A Very Important Person seated nearby asked what on earth was going on. After that, finally attention, but an earnest, open kind, in the form of a gracefully middle-aged couple, recently remarried, and such good sports that they proved wholly untrollable. He did something as the operating officer of a real estate firm that managed student housing, if memory serves, and she did something whose only word that registered was “portfolio.” Art, they said, was their life. In the span of about three minutes, the conversation turned to matters of the heart. “She’s my heaven and she’s my hell,” Acevedo noted, then held forth on “the love of [his] life,” who lived in LA, before opening the floor to relationship advice.

The author and Acevedo standing on Navy Pier. Credit: Austin Pollock

But the day was wearing on, and the comedian had places to be: picking up a date at 6:40 PM in Wheaton—not the love of his life, but a total catch nonetheless. (“I asked her if she wanted to go to a fancy restaurant and pretend to get a divorce.”) This was to be followed by his show at the Laugh Factory, at 7:45 PM, and then a planned brief reappearance at EXPO’s warehouse after party.

The comedian headed towards the exit, stopping to pose with a monumental brick artwork (“I told you they’d build a wall around me”) and then at a Colombian gallery’s booth. Acevedo chatted with the gallerists (his family is Colombian) before his attention wandered to a young lady milling nearby. After confirming she was not in their party, he approached, in one fell swoop complimenting her shirt and asking for her Instagram.

Later, at the party in a warehouse in an industrial strip somewhere near Pilsen, “the whole Chicago art world,” as an acquaintance had characterized it, milled around and tactfully avoided each other. The stock of alcohol expended, a lone person in a latex catsuit held down the front of the quickly depleting dance floor, where DJ Ariel Zetina was spinning on what appeared to be a train cart perched in the middle of the tracks. 

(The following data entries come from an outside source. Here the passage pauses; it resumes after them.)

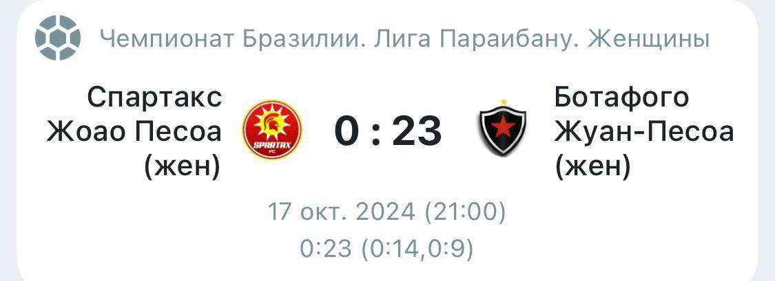 И кстати, это не единственный случай. Параллельно в чемпионате штата Параибано играли некие «Миксто» и «Диаманте», которые закончили со счётом 30:0. Но букмекеры не выкатили этот матч даже в лайве.
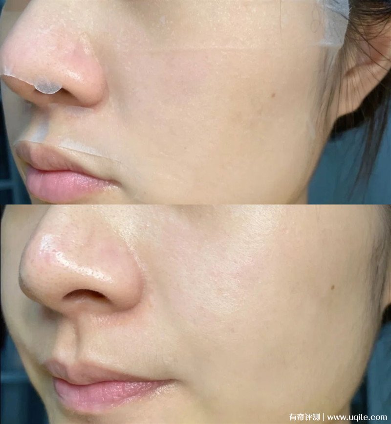 它用完后皮膚蠻水嫩飽滿的,視覺上透亮了些,補(bǔ)水保濕效果很好。我習(xí)慣用了面膜后洗臉,但隔天皮膚都還是很嫩很細(xì)膩,而且皮膚彈性有增加點(diǎn)。
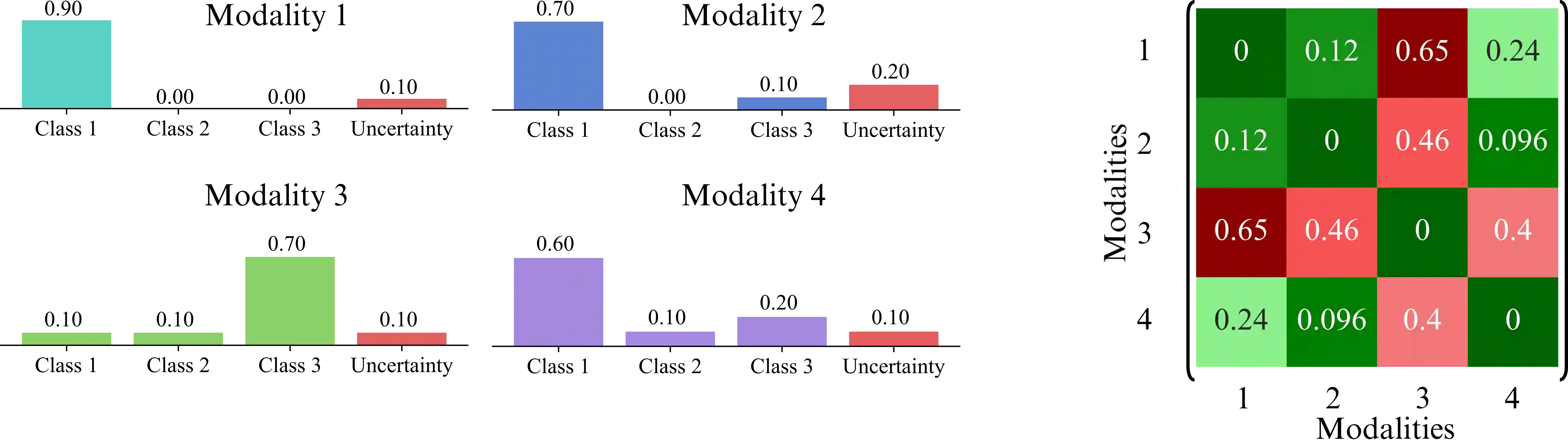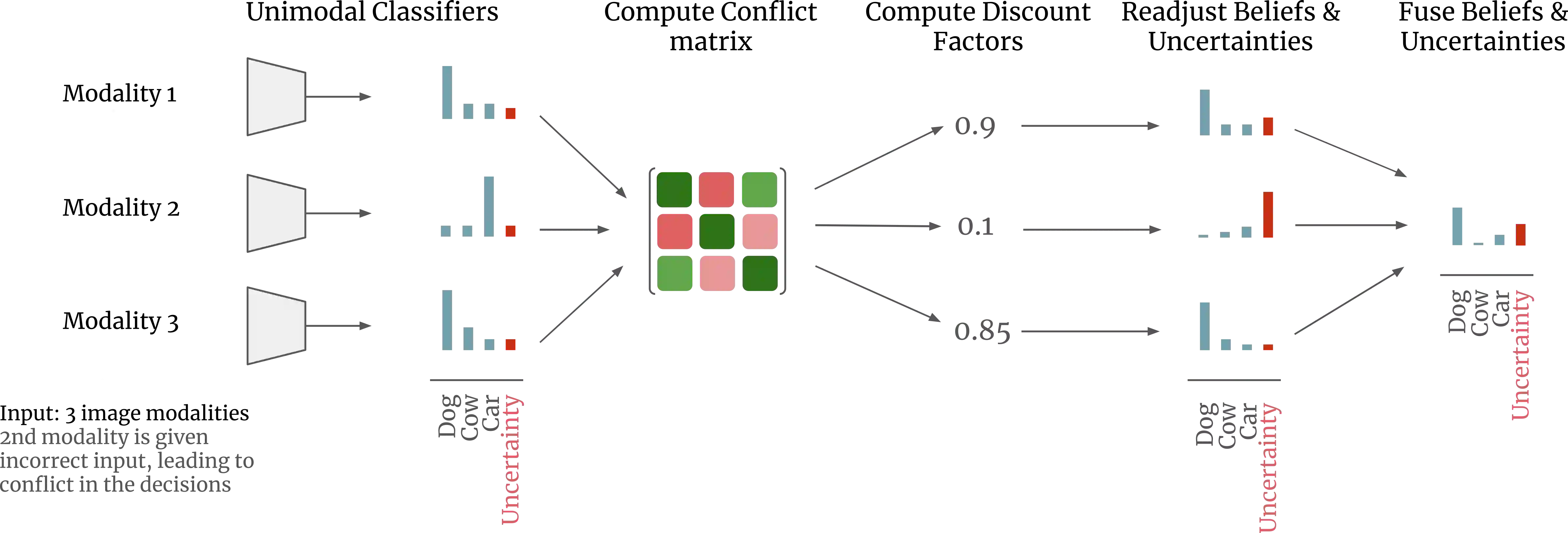 Multimodal AI models are increasingly used in fields like healthcare, finance, and autonomous driving, where information is drawn from multiple sources or modalities such as images, texts, audios, videos. However, effectively managing uncertainty - arising from noise, insufficient evidence, or conflicts between modalities - is crucial for reliable decision-making. Current uncertainty-aware machine learning methods leveraging, for example, evidence averaging, or evidence accumulation underestimate uncertainties in high-conflict scenarios. Moreover, the state-of-the-art evidence averaging strategy is not order invariant and fails to scale to multiple modalities. To address these challenges, we propose a novel multimodal learning method with order-invariant evidence fusion and introduce a conflict-based discounting mechanism that reallocates uncertain mass when unreliable modalities are detected. We provide both theoretical analysis and experimental validation, demonstrating that unlike the previous work, the proposed approach effectively distinguishes between conflicting and non-conflicting samples based on the provided uncertainty estimates, and outperforms the previous models in uncertainty-based conflict detection.
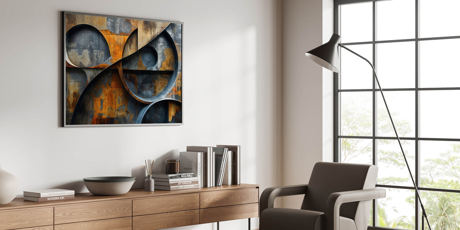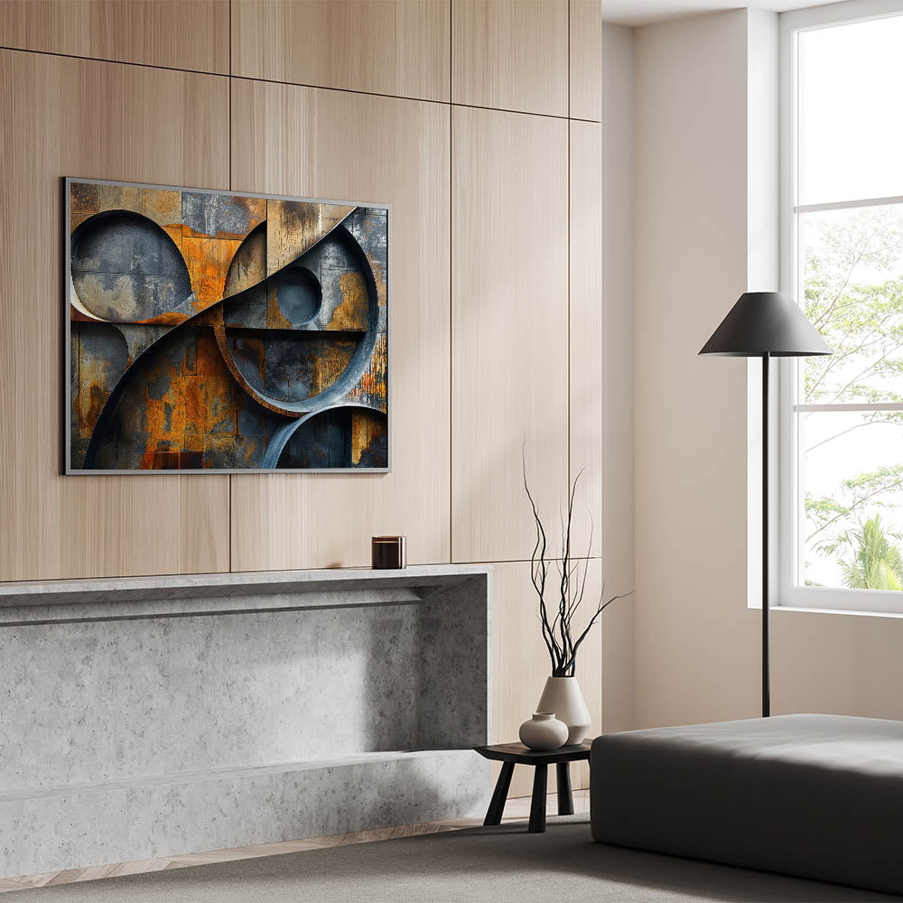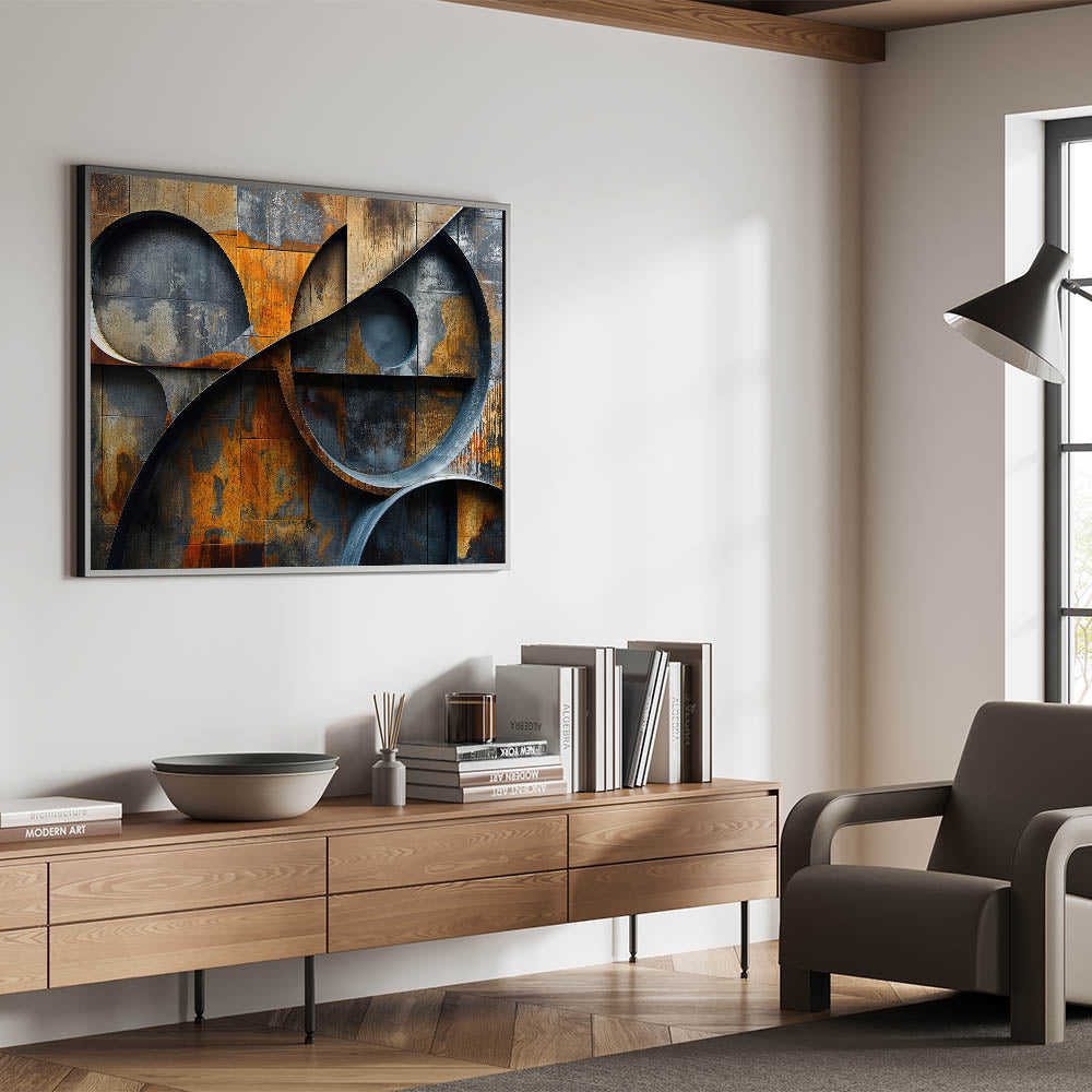 Bring a bold, industrial edge to your interior with this stunning Brutalist Wall Art. Featuring overlapping circular geometric shapes against a richly textured backdrop of weathered metal, this artwork reflects the essence of Brutalist aesthetic with a touch of modern abstraction. The raw, distressed metal surfaces combined with the smooth curves of the circular forms create a unique tension between organic and industrial elements, making this piece a striking focal point for any room.

In their wanderings, Acevedo and his date Dana Norris, also a comedian, had figured out a route up to the roof. If one was prepared to ignore a cryptic diagram tacked to the wall, which outlined which areas had dangerous levels of radio wave exposure if stood in for more than six minutes, the view was very nice. The tractors of trucks passed in and out of an enormous, strobe-lit lot, and occasional freight trains trundled by below. Back on the ground floor, someone had opened up an enormous shipping crate, and a quad of art-world youths had clambered inside it, bathing up to their necks in packing peanuts. Miami may do Basel with glitz, but Chicago’s superspreaders have more of a rust belt chic. 

Speaking of regionalism, at a postshow interview, Acevedo, a born and raised Chicagoan, offered some concluding thoughts. “New York was full of shit,” he noted. As for LA: “Those galleries used to be homeless shelters.” 

Acevedo reminisced about some of the finer moments of the fair. “Remember that girl who followed me on Instagram? She blocked me ten minutes later.”

He did, however, have one regret. “Not pulling out my mother’s bra enough in public.” The comedian paused and thought for a moment. “Did I need to know she was a B cup? No. I did not. But now I know.”